### DATA BELOW
=== Section Start ===
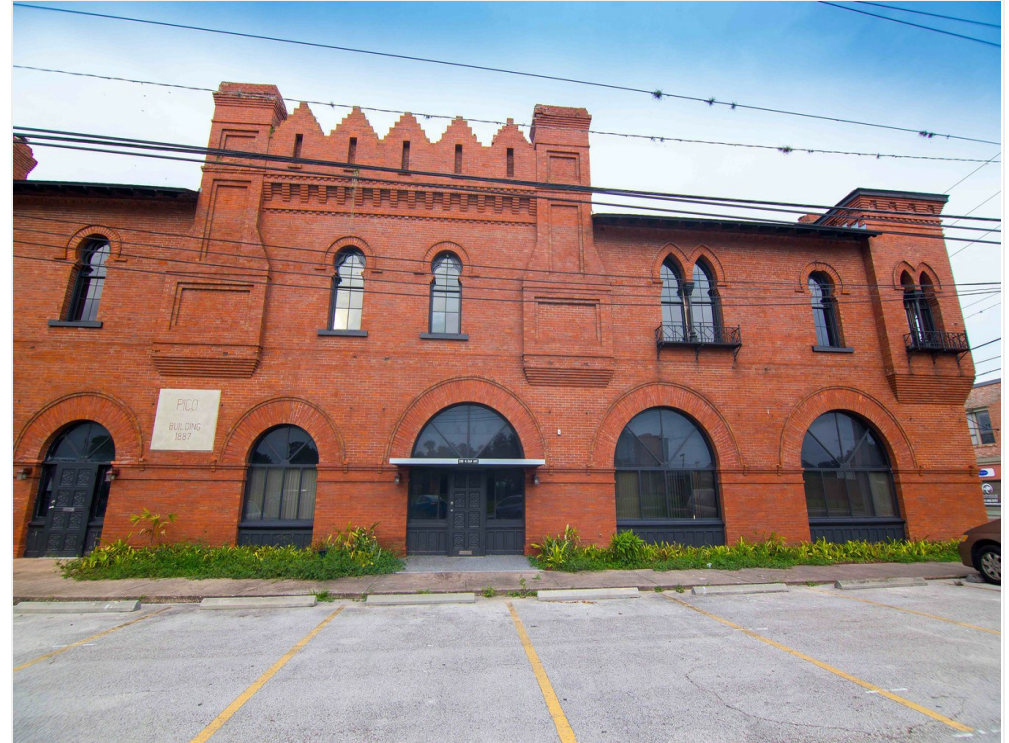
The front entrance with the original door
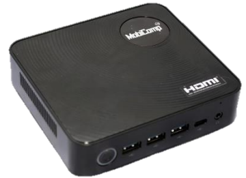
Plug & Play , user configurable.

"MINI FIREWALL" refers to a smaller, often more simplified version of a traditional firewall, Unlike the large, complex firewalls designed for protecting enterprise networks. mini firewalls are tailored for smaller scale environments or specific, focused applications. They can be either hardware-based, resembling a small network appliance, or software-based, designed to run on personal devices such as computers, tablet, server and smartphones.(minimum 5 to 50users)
=== Section End ===
### EXERCISE PROMPT
Would you transcribe, unchanged, every line of the material from the one containing "Plug & Play , user configurable." to the very end, including both, and nothing else?

### RESPONSE TO THIS TASK
Plug & Play , user configurable.

"MINI FIREWALL" refers to a smaller, often more simplified version of a traditional firewall, Unlike the large, complex firewalls designed for protecting enterprise networks. mini firewalls are tailored for smaller scale environments or specific, focused applications. They can be either hardware-based, resembling a small network appliance, or software-based, designed to run on personal devices such as computers, tablet, server and smartphones.(minimum 5 to 50users)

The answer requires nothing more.